GeneWalk identifies relevant gene functions for a biological context using network representation learning

Robert Ietswaart, Benjamin M. Gyori, John A. Bachman, Peter K. Sorger, L. Stirling Churchman

Posted on: 4 October 2019

Preprint posted on 5 September 2019

Article now published in Genome Biology at http://dx.doi.org/10.1186/s13059-021-02264-8

Fear The Walking Gene: knowledge-based machine learning is able to highlight gene functions relevant for a distinct biological context

Selected by Ramona Jühlen

Categories: biochemistry, bioinformatics, cancer biology, cell biology, developmental biology, genetics, genomics, molecular biology

Background and GeneWalk methodology

High-throughput functional genomics can provide scientists with a long list of candidate genes which could play a role in the biological context they are studying. But how should one narrow down such a list to get candidate genes which are the most important in the given context? Gene functions are commonly interrogated using GO annotations, and GO coupled to gene set enrichment analysis (GSEA) can be used to reveal enriched biological functions in a gene set. This analysis, however, does not address the context-specific functions of individual genes in the dataset. To overcome this shortcoming, the authors developed GeneWalk, a novel approach using knowledge-based machine learning and statistical modelling.

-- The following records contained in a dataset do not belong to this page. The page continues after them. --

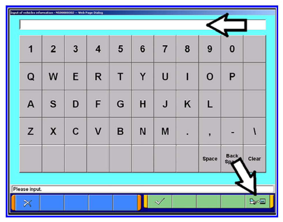 h. Click on the icon in the lower RH corner of the screen to have MUT-III automatically read the VIN. If a message appears saying that the VIN cannot be input automatically manually type the 17 digit VIN into the VIN field at the top of the page.
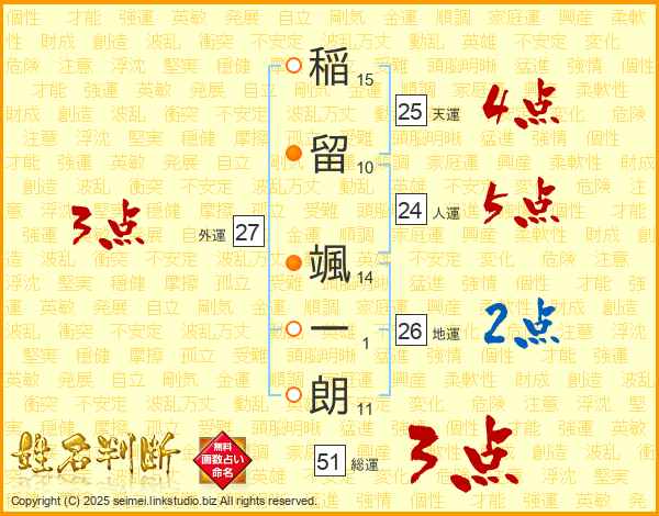稲留颯一朗さんの天運は25画の4点!
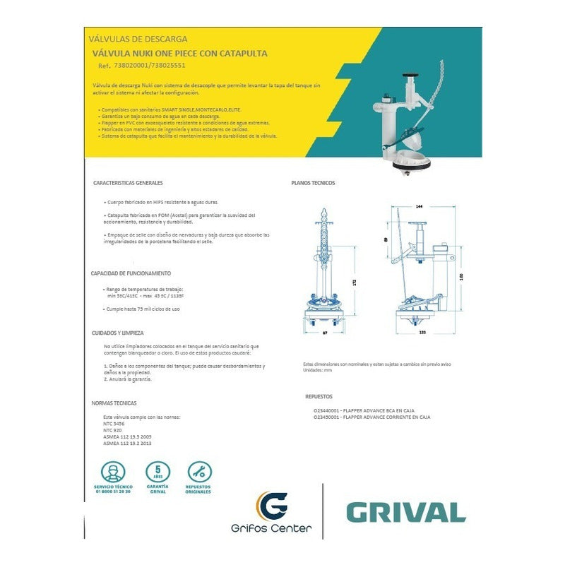 Válvula descarga Nuki una pieza catapulta SKU:738020001 ¡Adquiere las válvula de descarga Nuki con sistema de desacople! permiten levantar la tapa del tanque sin activar el sistema ni afectar la configuración. -Garantiza un bajo consumo de agua en cada descarga. -Flapper en PVC con exoesqueleto resistente a condiciones de agua extremas. -Sistema de catapulta que facilita el mantenimiento y la durabilidad de la válvula. -Venta factura régimen común. -También contamos con variedad de tonos. -Somos fabricantes de sus ideas. ----SE REALIZA ACABADO (ANTIGUO) A TODA CLASE DE GRIFERÍAS NUEVAS O USADAS----- ¿Generan factura legal y electrónica? Si. generamos factura legal con IVA , somos régimen común y realizamos facturación electrónica. ¿Mi compra tiene garantía? Si. todos nuestros productos son nuevos y cuentan con garantía oficial. Se entregan en sus empaques o cajas. ¿Tiene punto de venta? Somos GRIFOS CENTER y tenemos nuestro punto de venta, puedes recoger tus productos directamente si deseas. ¿Dónde están ubicados? No solo somos tienda online, también tenemos tienda física con un amplio Stock de nuestros productos para envío inmediato, GRIFOS CENTER esta ubicado en el Norte de Bogotá podemos entregarte el mismo día dependiendo el producto y cantidad. •Recuerda que somos GRIFOS CENTER para mayor información •Puedes recoger en nuestro punto de venta. ¿ Son fabricantes? - Si, GRIFOS CENTER es fabricante directo de griferÍas VINTAGE (fabricando tus ideas y ofreciendo diferentes estilos de acabados para tu grifería). Además brindamos una amplia variedad de productos institucionales y para el hogar con la mejor calidad. ¿Ofrecen productos al por mayor? - Si, en GRIFOS CENTER contamos con un amplio inventario y variedad de productos para atender proyectos grandes como lo son las constructoras , hoteles , colegios y grandes superficies. ¿ Hacen envíos a nivel nacional? - Si GRIFOS CENTER realiza envíos a nivel nacional. ¿Se pueden retirar los productos en el punto de venta? Tenemos la posibilidad de retirar el producto en nuestro punto de venta o enviar por otra transportadora colocando recojo en el domicilio del vendedor este ultimo el comprador cancela el envio cuando llegue el producto. ¿Qué garantías manejan? -Según la referencia comprada generalmente tiene garantía de 1 año donde nos podrás informar cualquier inconveniente NOTA: Los logos en la publicacion son marcas de agua el producto te llegara sin este logo ----------------------SOMOS IMPORTADORES CON MARCA PROPIA---------------------------

First, GeneWalk assembles a context-specific gene network from a knowledge base (e.g. Pathway Commons, INDRA) starting with a list of input genes obtained from a specific experiment. This gene network is added to a GO network resulting in a full GeneWalk network (GWN) (Figure 1).

Next, the GWN structure is learned by an unsupervised network representation learning algorithm, termed DeepWalk (1). Briefly, using random walks the local neighbourhood of nodes (representing genes or GO terms) is scanned, summarised as a collection of neighbouring node pairs and provided as a training set for a neural network with one hidden layer (the layer between input and out, i.e. the artificial neuron) (Figure 1). After training, each input node in the GWN is represented as a vector by the resultant hidden layer weights.

Finally, GeneWalk determines by significance testing whether the similarity value between a gene and a GO term is higher than that of a generated null distribution of similarity values (Figure 1). Yielded adjusted p-values rank the relevant context-specific GO term for a gene of interest.

Figure 1. Scheme of GeneWalk methodology. Details outlining GeneWalk network representation learning and significance testing of the GeneWalk methodology.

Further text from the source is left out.